Developer Guide Help

Data Indices

Cafe Variome V3 utilises a dynamic query interface, which automatically displays or hides query elements based on the data available in the database. To achieve this, it regularly indexes the databases, generating indices that are then distributed across the entire network.

Record Level Indices

Record level indices are stored in RecordIndex objects. They follow this format:

{ "capability": { "subject": true, "genes": true, "hpo": true, "ordo": true, "snomed": true, "variant": true, "source": true, "eav": true, "subjectCapability": { "age": true, "gender": true, "familyType": true, "affected": true } }, "recordCount": 100, "eavIndex": { "attributes": { "patient_type": "Patient Type", "visits-to-hospital": "Visits to Hospital" }, "values": { "clinicalTrial": "Clinical Trial", "selfVisit": "Self Visit" }, "mappings": { "patient_type": [ "clinicalTrial", "selfVisit" ] } } }

Capability

The capability field identifies the types of data available in the database. The example above shows that the database contains subject data (demographic data), HPO terms, Gene codes, and OIDC terms, among others.

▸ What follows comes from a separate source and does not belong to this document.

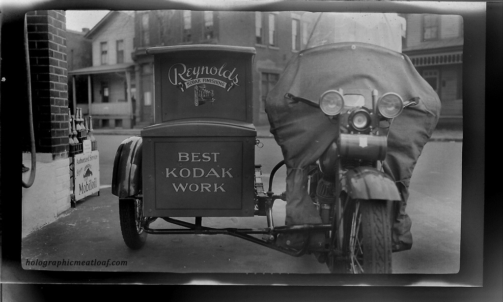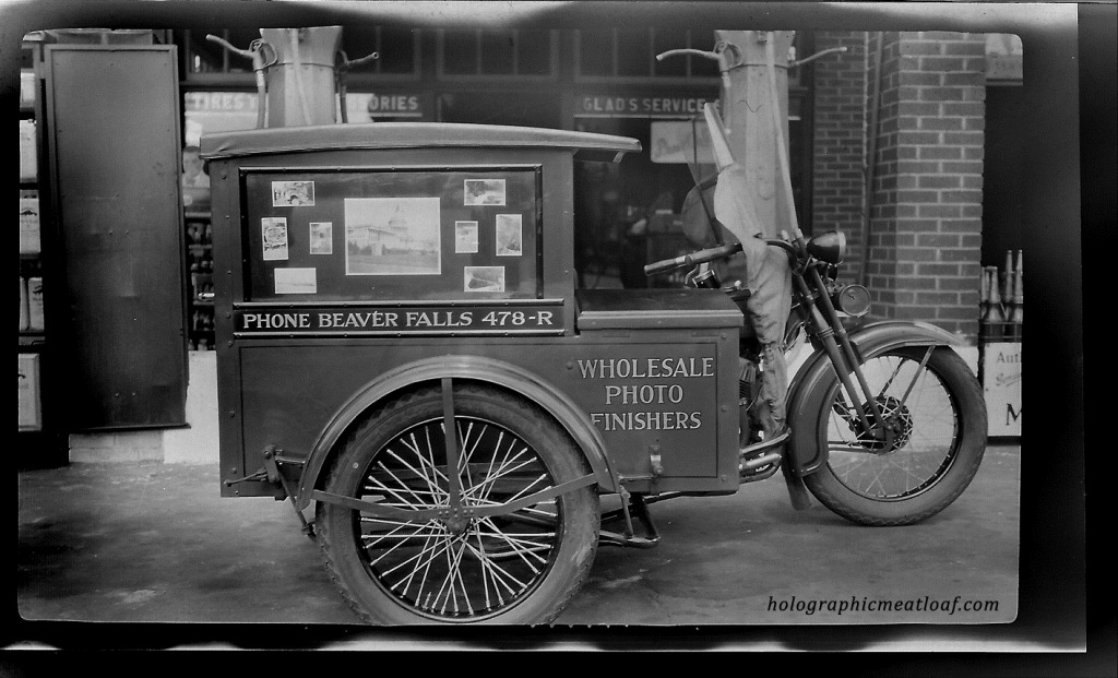 I found it ironic that the best photos were of this Harley-Davidson motorcycle that was presumably used to deliver photos around the town of Beaver Falls, PA. (How do I know the location? Or that the bike is a Harley? You’ll see later.) I really dig the hand-painted Reynolds Kodak Finishing logo as well as the old Mobiloil “Genuine Gargoyle” sign in the background on the left.

The demographic data is somewhat unique. Most general-purpose ontologies contain their own terms for demographic descriptions, which can cause confusion when multiple ontologies are used simultaneously. For instance, if subject gender is stored using NCIT terms, but the user searches using SNOMED Clinical Terms, the system won't automatically translate between these different ontologies. Given that demographic filters are frequently utilised, we have introduced a generic subject filter to handle ontology translations. The subjectCapability field reports the specific demographic filters supported by the database.

Record Count

The record count shows the number of subjects present in the specified resource (which could be a source, an instance, a network, etc.). This count is used to calculate scores, such as response quality and differential privacy metrics.

EAV Index

Since the system cannot accommodate every possible data model, we've implemented a generic Entity-Attribute-Value (EAV) model for each subject and developed a query system to search these fields. The eavIndex field captures information about the attributes present, their possible values, and their corresponding display names. The query interface dynamically populates using this data.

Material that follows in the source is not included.